Schroders’ Alpha Plus team masters long-term performance
The two funds in the range with a 10-year track record have produced top-quartile returns over this period.
Data from
FE Analytics shows the Schroder Alpha Plus funds have by and large outperformed over longer time periods, with only the two newer additions to the stable lagging their benchmark since launch.

The six funds are concentrated high-conviction products and are run by some of the strongest names at Schroders.

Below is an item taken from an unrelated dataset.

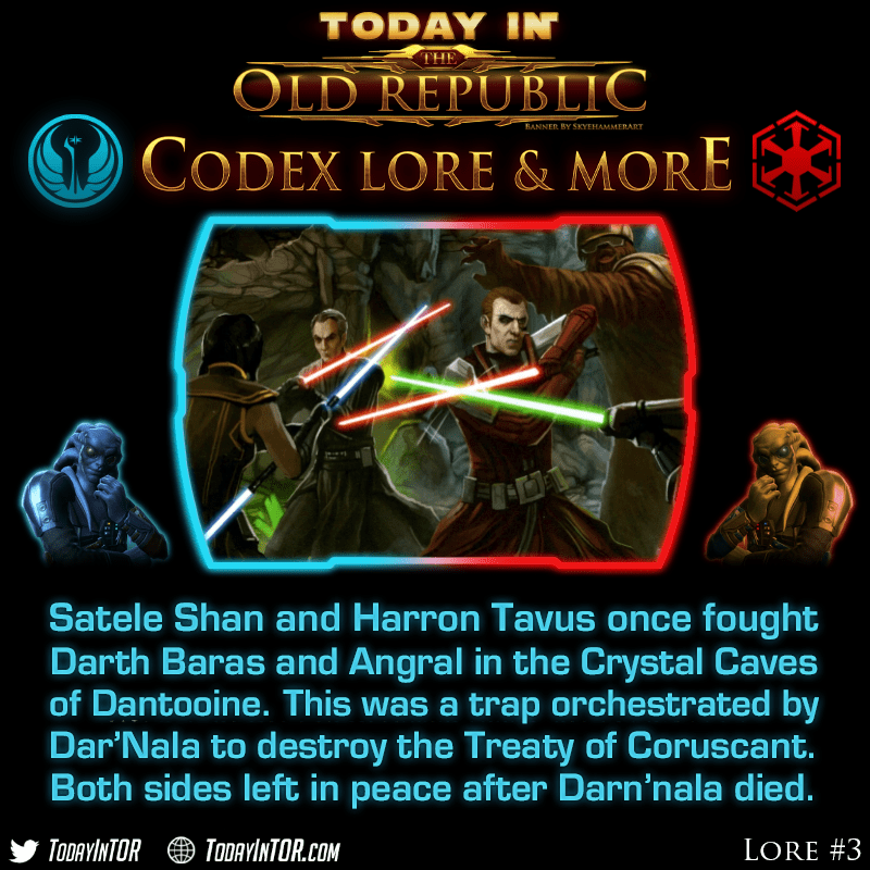 While this stoked the embers, it did not cause fire. Dar’Nala then pressed forward in her attempts to reignite the war by coercing Jedi Fortis Gall,Trooper Harron Tavus, and mind controlling a Wookiee named Dalborra that worked for the Sith Empire.

Two of these –
Leon Howard-Spink and Nathan Gibbs – are FE Alpha Managers, while Richard Buxton held the accolade up until last year.
The two funds with a 10-year track record – Gibbs’ Schroder Japan Alpha Plus and Buxton’s Schroder UK Alpha Plus – are top quartile in their respective sectors over this period, as well as over five years.

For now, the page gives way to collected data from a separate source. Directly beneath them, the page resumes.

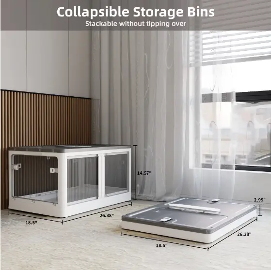 【Large Storage Capacity】: Each storage case measures 26.38 inches long × 18.5 inches wide × 2.95 inches high. These space-saving trash cans are essential for home organization and provide an ideal solution for keeping your home tidy and organized.
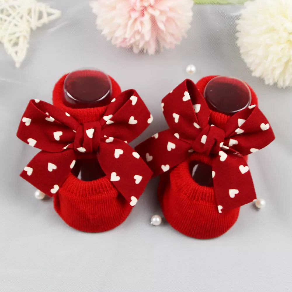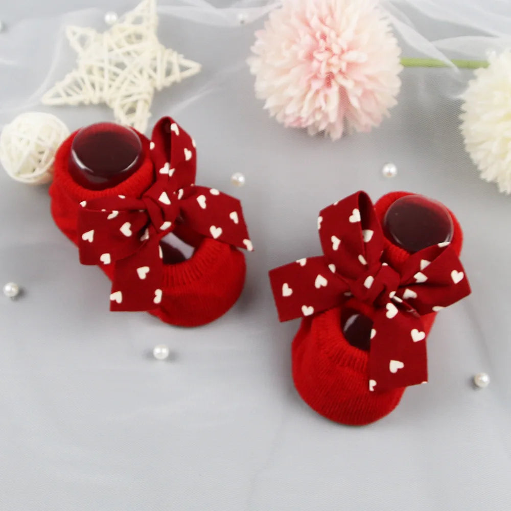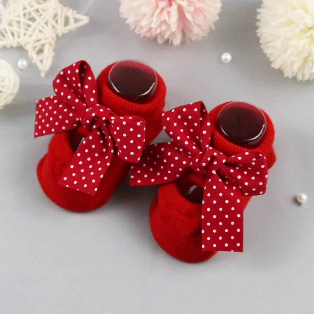 Calcetines de algodón con lazo para recién nacidos: suelas de goma antideslizantes para bebés
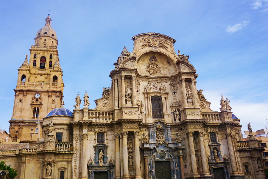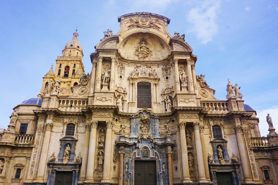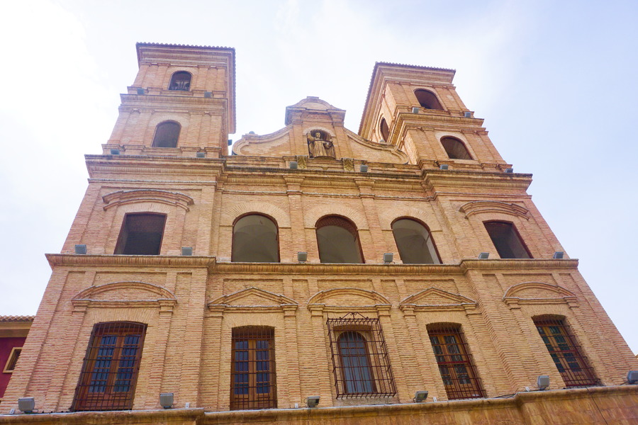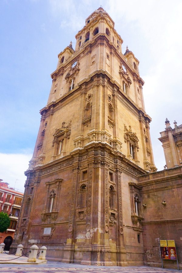 Nous en avons vu des cathédrales mais celle-ci peut sûrement prétendre au titre d’une des plus belles cathédrales d’Espagne! Avec presque toutes les autres! Et peut-être une des plus grandes! Nous pouvons aisément deviner les différents courants architecturaux qui ont orné l’édifice à travers les siècles. L’histoire est la même que dans pratiquement toutes les villes du sud du pays. Il y avait à cet emplacement une mosquée et quand le fameux Jaime I (oui, encore lui!) est venu conquérir Murcia, il a ordonné de la transformer en temple chrétien. C’était au XIIIe siècle. La première construction fut de style gothique comme c’était de coutume à l’époque puis se sont ajoutés des détails Renaissance et baroques. Le bâtiment principal est déjà balèze en soi mais le campanile, c’est carrément un truc de malade! C’est une haute tour haute de 98 mètres, la deuxième plus grande d’Espagne après la Giralda de Séville! En 1519, on profita de la présence à Murcia de l’architecte italien Francisco Florentino pour lancer ce projet un peu fou de campanile. Les travaux débutèrent deux ans plus tard pour ne se terminer que deux siècles plus tard! Mais le résultat est à la hauteur des espérances, dans tous les sens du terme!

The other fund in the range with a five-year track record is
Schroder Asian Alpha Plus, run by Matthew Dobbs, which has produced first-quartile performance over three years and since its launch in November 2007.
The Schroder Global Alpha Plus and US Alpha Plus portfolios are the most recent additions, launched in April 2010 and December 2011 respectively.
They have both marginally underperformed their benchmark, though this is unlikely to concern their long-term focused management teams.
Performance of funds over 10-yrs
Source: FE Analytics
Schroder Japan Alpha Plus was the first of the series to be launched and has been run by FE Alpha Manager Nathan Gibbs for its entire history.
Over 10 years it has produced returns more than treble that of the average fund in the sector, gaining 45.8 per cent in the stagnant Japanese market.
The fund is underweight industrial heavyweights Toyota, Mitsubishi and Canon, while its largest holding is in freight company Kintetsu World Express.
Schroder UK Alpha Plus was launched in 2002 with Richard Buxton at the helm; since then it has returned 155.31 per cent, more than double that of the average fund in the IMA UK All Companies Sector.
In that time the FTSE All Share benchmark has gained 87.39 per cent.
Buxton recently told FE Trustnet that a highly concentrated, contrarian approach suits the current turbulent market, but added that he hasn’t ruled out becoming more benchmark-driven when conditions improve.
The least concentrated fund in the series is
Schroder Asian Alpha Plus, which has 62 separate holdings, while the most concentrated is the recently launched US fund, which has just 29.
In March,
FE Trustnet reported that the Asian fund had one of the best risk/reward ratios in the Asia Pacific ex Japan sector.
It has returned 67.4 per cent over the past three years, after falling with the markets in 2007 and 2008.
The portfolio is overweight the consumer discretionary and IT sectors and underweight telecoms and utilities.
Five FE-crowned
Schroder European Alpha Plus has delivered 4.48 per cent over five-years, compared with losses of 13.89 per cent from the average portfolio in the IMA Europe ex UK sector.
Manager Howard-Spink is underweight European favourites Nestle, Total and Siemens, and overweight lesser-known companies such as certification business Bureau Veritas and chemical distribution firm Brenntag.